Error: The server certificate on the destination computer (40.76.44.11:5986) has the following errors:
The SSL certificate is signed by an unknown certificate authority.
The SSL certificate contains a common name (CN) that does not match the hostname.

Also I have tried the commands suggested to reset the SSL certificate and I still get the error after they succeed. I ran them using the Azure Run Command on the packer VM I am creating.
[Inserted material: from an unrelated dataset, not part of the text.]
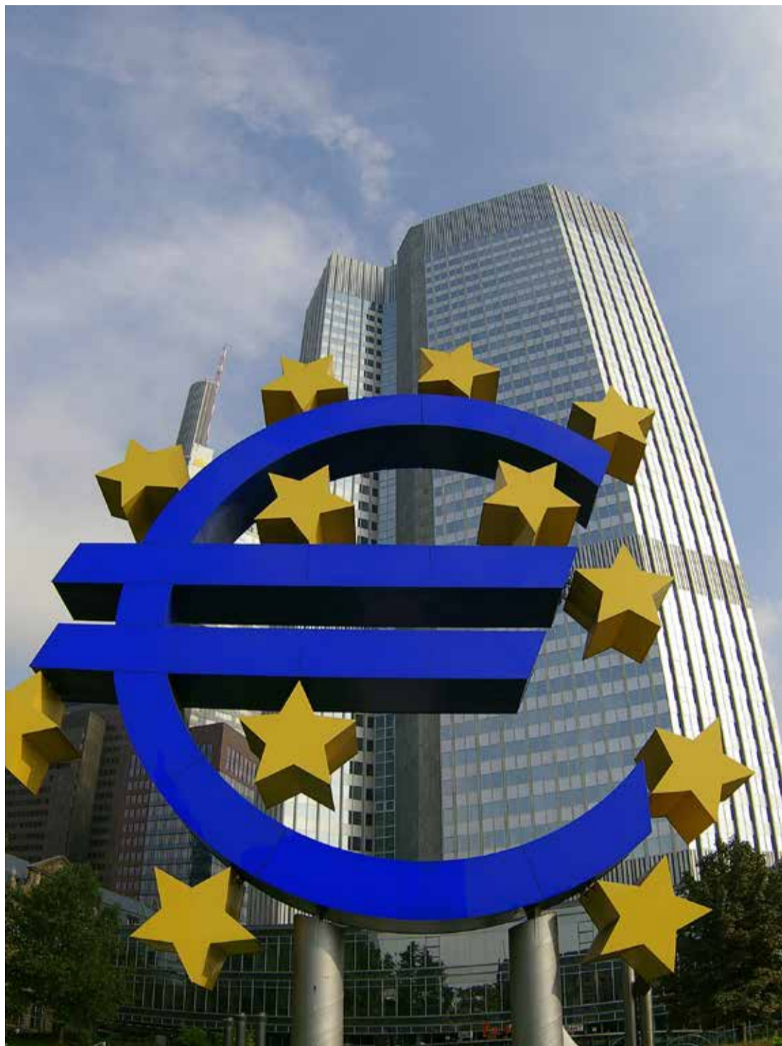
Den europeiske sentralbanken. Alt i 1971 pekte en del EF-motstandere på at dannelsen av en valutaunion ville innebære at det ble opprettet en sentralbank, at enkeltstatene ble sjaltet ut av penge- og finanspolitikken, og at betalingsbalansene mellom landene i unionen ville forsvinne.

På den andre siden har Europas fagbevegelse for første gang i sin historie gjennomført koordinerte streiker og aksjoner på tvers av landegrensene i protest mot nedskjæringspolitikken. Også FNs

$Cert = New-SelfSignedCertificate -CertstoreLocation Cert:\LocalMachine\My -DnsName "$env:COMPUTERNAME" Remove-Item -Path WSMan:\Localhost\listener\listener -Recurse New-Item -Path WSMan:\LocalHost\Listener -Transport HTTPS -Address -CertificateThumbPrint $Cert.Thumbprint -Force Stop-Service winrm Start-Service winrm

This is pretty frustrating, really like Packer but it doesn't seem to like Azure right now.

[danielsollondon]

Hi All - Sorry for the delay, one of the causes of the timeout issue is exhibited when premium VM sizes are used, although it is not directly to do with the premium offerings, these are VM sizes which contain 'S' in the size, and is being resolved, I will come back when this has completed. If you are still seeing issues with WinRM timeout, try using a VM Size that does not contain an 'S', such as changing from Standard_DS2_v2 to Standard_D2_v2 etc. These were the setting I used during testing:

"communicator": "winrm", "winrm_username": "packer", "winrm_insecure": true, "winrm_use_ssl": true, "vm_size": "Standard_D2_v2"
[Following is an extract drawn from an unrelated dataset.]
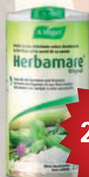
Herbamare Frábært í alla matargerð

For those of you who still have issues with that config (or vm_size with a no 'S'), please let me know.

[shurick81]

I still have issues with building Windows Server 2019 (not 2016).

"os_type": "Windows",
"image_publisher": "MicrosoftWindowsServer",
"image_offer": "WindowsServer",
"image_sku": "2019-Datacenter",
"image_version": "latest",

"communicator": "winrm",
"winrm_use_ssl": "true",
"winrm_insecure": "true",
"winrm_timeout": "30m",
"winrm_username": "packer",

"vm_size": "Standard_DS2_v2",
"managed_image_storage_account_type": "Premium_LRS",

region: west europe

[shurick81]

with the size you recommend packer has no issues with creating VMs:

"os_type": "Windows",
"image_publisher": "MicrosoftWindowsServer",
"image_offer": "WindowsServer",
"image_sku": "2019-Datacenter-smalldisk",
"image_version": "latest",

"communicator": "winrm",
"winrm_use_ssl": "true",
"winrm_insecure": "true",
"winrm_timeout": "30m",
"winrm_username": "packer",

"vm_size": "Standard_D2_v2",
"managed_image_storage_account_type": "Standard_LRS",

However, builds became much slower with standard disks...

[faizan002]

Hi, I have this timeout issue which is quite sporadic but sometimes I cant create an image for a whole day and it works the next day. Lately I started to see the issue with "ssh timeout" for a ubuntu Image creation as well :( This is so frustrating.